Adventures in Network Science

Every time someone asks me how school is going, I have the tendency to reply with an enthusiastic but nondescript, “AWESOME!” Or, as one of my classmates has taken to saying, “WHAT A TIME TO BE ALIVE!”

Truly, it is a privilege to be able to experience such awe.

As it turns out, however, these superlatives aren’t particularly informative. And while I’ve struggled to express the reasons for my raw enthusiasm in more coherent terms, I will to attempt to do so here.

First, my selected field of study, network science, is uniquely interdisciplinary. I can practically feel you rolling your eyes at that tiredly clichéd turn of phrase – yes, yes, every program in higher education is unique interdisciplinary these days – but, please, bear with me.

I work on a floor with physicists, social scientists, and computer scientists; with people who study group dynamics, disease spreading, communication, machine learning, social structures, neuroscience, and numerous other things I haven’t even discovered yet. Every single person is doing something interesting and cool.

I like to joke that the only thing on my to-do list is to rapidly acquire all of human knowledge.

In the past year, I have taken classes in physics, mathematics, computer science, and social science. I have read books on philosophy, linguistics, social theory, and computational complexity – as well as, of course, some good fiction.

I can now trade nerdy jokes with people from any discipline.

And I’ve been glad to develop this broad and deep knowledge base. In my own work, I am interested in the role of people in their communities. More specifically, I’m looking at deliberation, opinion change, and collective action. That is – we each are a part of many communities, and our interactions with other people in those communities fundamentally shape the policies, institutions, and personalities of those communities.
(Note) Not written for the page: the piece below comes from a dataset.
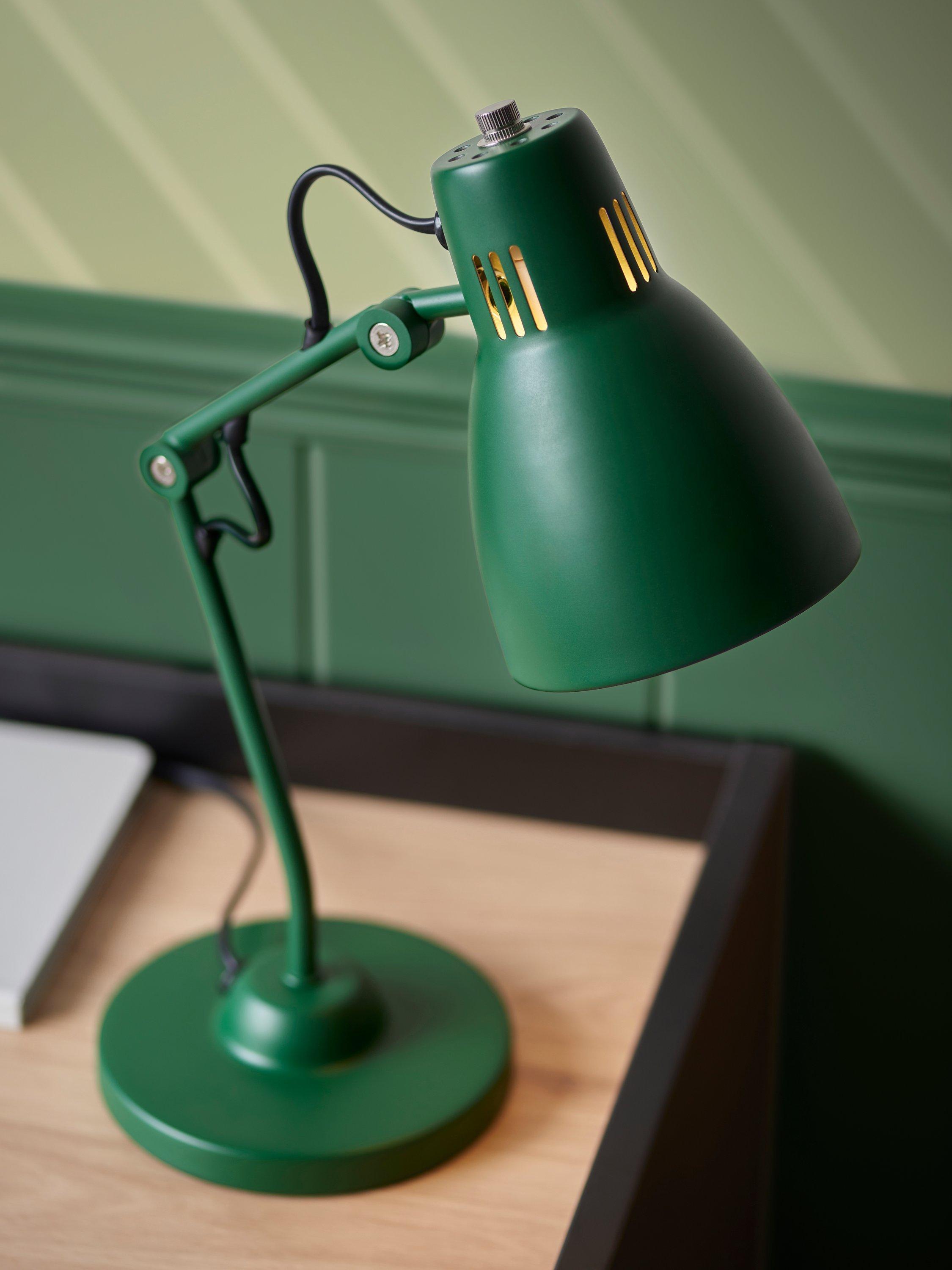 This excellent-value task lamp has an adjustable head, allowing you to direct the bright wash of light exactly where you need it. Designed in a compact shape so it's ideal, placed on a desk or bedside table. Available in a painted: gloss, matt or metallic finish, let its retro style stand out in your space.

These topics have been tackled in numerous disciplines, but in disparate efforts which have not sufficiently learned from each other’s progress. Deliberative theory has thought deeply about what good political dialogue looks like; behavioral economics has studied how individual choices result in larger implications and institutions; and computer science has learned how to identify startling patterns in complex datasets. But only network science brings all these elements together; only network science draws on the full richness of this knowledge base to look more deeply at interaction, connection, dynamics, and complexity.

But perhaps the most exciting thing about this program is that it truly allows me to find my own path. I’m not training to replicate some remarkable scholar who already exists – I am learning from many brilliant scholars what valuable contributions I will uniquely be able to make.

Because as much as I have to learn from everyone I meet – we all have something to learn from each other.

There are other programs in data science or network analysis, but this is the only place in the world where I can truly explore the breadth of network science and discover what kind of scholar I want to be.


I joke about trying to acquire all of human knowledge because, of course, I cannot learn everything – no one person can. But we can each cultivate our own rich understanding of the puzzle. And through the shared language of network science, we can share our knowledge, work together, and continue to chip away at understanding the great mysterious of the universe.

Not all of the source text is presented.